My first attempt at using Lean techniques was a total failure. When I had my vending company I would try a new technique almost every month. Because I used so many different strategies no one knew what to do. It was only after we started to focus on one thing at a time that we were successful.
Lean manufacturing, a system of removing waste from industrial processes that is also known as the Toyota Production System, is a must in many large companies like the auto industry. Toyota first coined the term and the rest of the industry has had to follow along. Not only have the auto manufacturers joined the lean movement but their suppliers have as well.
When small companies try to emulate larger companies they often fail. When a large facility starts to implement Lean strategies they will put a team of people on the project. Smaller companies rarely have the human resources available to do this.
Smaller companies need to have at least one person in the company to be an evangelist for making their company Lean. Small companies that do this well will often have the owner be that person. Owners have the ability to change culture and change direction the company is moving.
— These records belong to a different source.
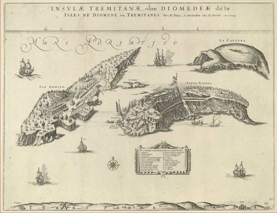Lo dimostra la stupenda mappa delle Isole Tremiti che regaliamo oggi agli amici e ai lettori di Lettere Meridiane: la disegnò Pierre Mortier, editore ed illustratore olandese specializzato nella riproduzione di mappe panoramiche, appunto, a volo d’uccello.
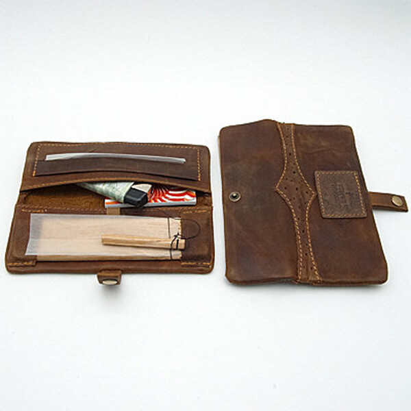 The practical pocket-sized leather packer - Kavatza mini Pouch Marry Poppins - is made of high-quality genuine leather. Inside the pouch there is a pocket for storing tobacco and smoking accessories for packing cigarettes (fittings, lighter, etc.), as well as a compartment for cigarette papers, a wooden rolling pin and a filler (frother).
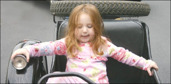 As I've said before, sidecars and children were just made for each other. Introducing future CJ enthusiast Chloe, age 2½. Andy says all they need is a seatbelt to hold her in her car seat! Look out, world. | ||||
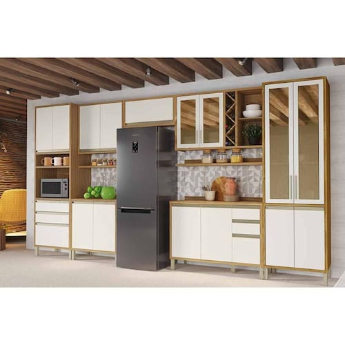 Cozinha Completa Tempranillo 9 Peças (3Aéreos+2Balcões+1Paneleiro+1TorreQuente+2Complementos) C9P22 Amendoa/Off White - Ronipa Abaixo segue os produtos que compoem o KIT:
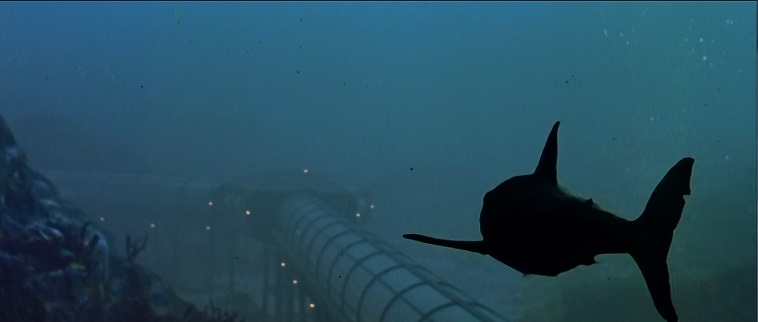 Meantime, the shark appears to have killed either Cindy or Sandy in the resulting underwater melee. In the control room, Mike and Kay join Bouchard and two technicians, thinking they’re at last safe, not realizing the shark is currently drawing a bead on the observation window!
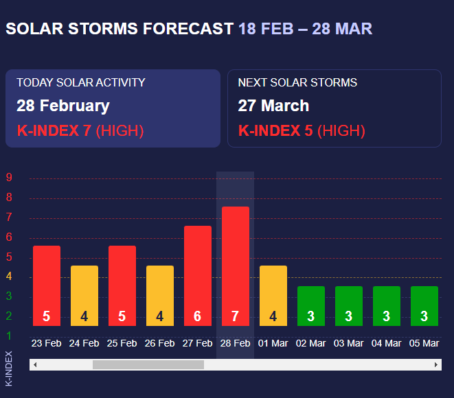 В последний день зимы, 28 февраля, Землю накрыла мощная магнитная буря красного уровня мощностью 7 баллов (из 9 возможных).
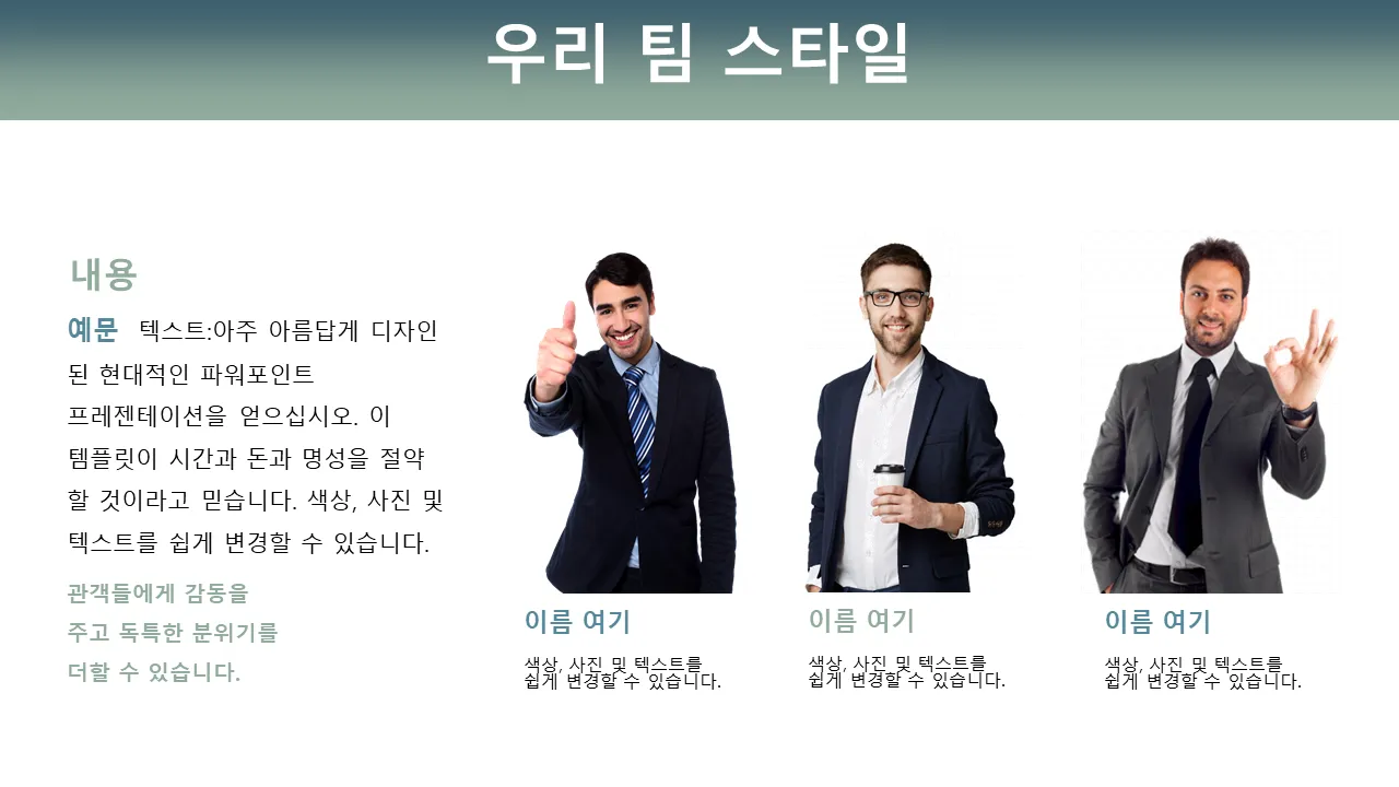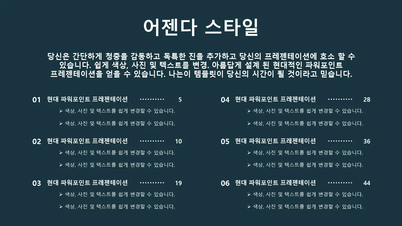 - 원활한 전달을 위해 미리 디자인된 슬라이드 전환 및 애니메이션
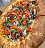 Premium mozzarella, mushrooms, onions, green peppers, black olives, and tomatoes.
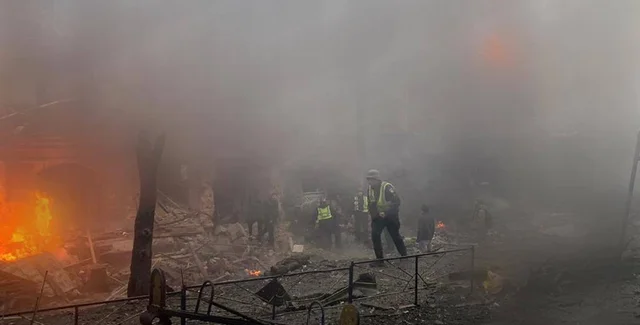 У Київській області внаслідок ракетних ударів ЗС РФ є влучення по житловому сектору та інфраструктурним критичним об'єктам. Про це повідомив голова воєнної адміністрації Київської області Олексій Кулеба. Також інформацію підтвердив голова поліції Київської області Андрій Нєбитов.
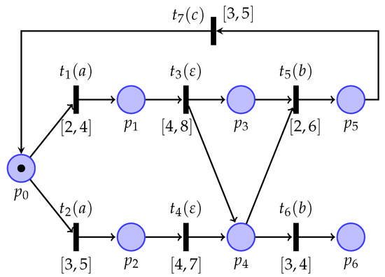 Consider a TLPN G in Figure 1 with seven places and seven transitions, where , , , , , and , with , , , , , , and . Let with and be an RTO. By Definitions 1–3, we have , , , , and .
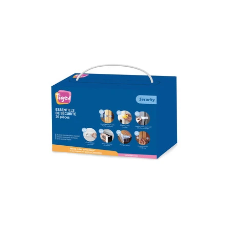 Ce coffret comprend toutes les protections nécessaires : – 12 caches prises qui sont compatibles à toutes prises européennes normalisées 2 pôles avec ou sans terre, elles se retirent uniquement avec la clé de sécurité fournie, donc impossible par une petite main. – 4 protège-coins pour meubles qui se fixent sur les coins de la table, de l’étagère, de l’armoire afin d’amortir les chocs et éviter à l’enfant de se cogner sur les angles pointus. – 6 bloques portes et tiroirs qui s’installent sur le dessus ou le côté des meubles pour éviter que les petits ne se fassent pincer les doigts. – 1 bloque porte en mousse dense et résistante pour amortir et empêcher le claquement de porte. – 3 loquets (1 mini souple + 1 souple + 1 spécial appareil ménager) qui s’installent sur les fermetures des placards, réfrigérateur pour en interdire l’accès.
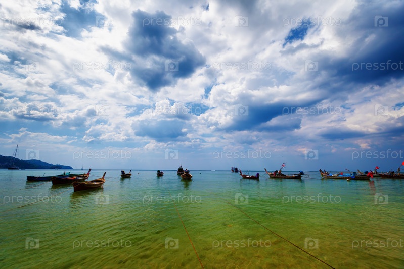 Тайские традиционные деревянные лодки в водах лагуны

The first problem smaller companies have is they try to do too much too quickly. Since a smaller company has fewer resources for strategic change they have to choose carefully what project they will adopt. A big problem that I see is the owner gets excited about what Lean can do for their company and tries to do too many things at once.
Adopting one thing at a time and adopting this one thing well will help your company be successful in a Lean installation. If three or more different parts of Lean are installed at one time your process is doomed to failure.
Watch out for taking two steps backwards. Most strategic processes that involve cultural change (processes like Lean) will not go forward smoothly. When improvements are being made, life is easy. When things don’t work as well smaller companies often give up and just say, “It won’t work here.” It’s not that it doesn’t work in your company it’s just the way these things are.
Commitment to making Lean work in your company is likely the biggest predictor of success. The techniques will work. The question you have to answer is am I willing to stay with it when things get tough and challenges present themselves.
If you’re not willing to do this, you won’t be successful. For smaller companies that are willing to work through the rough patches, the rewards are large.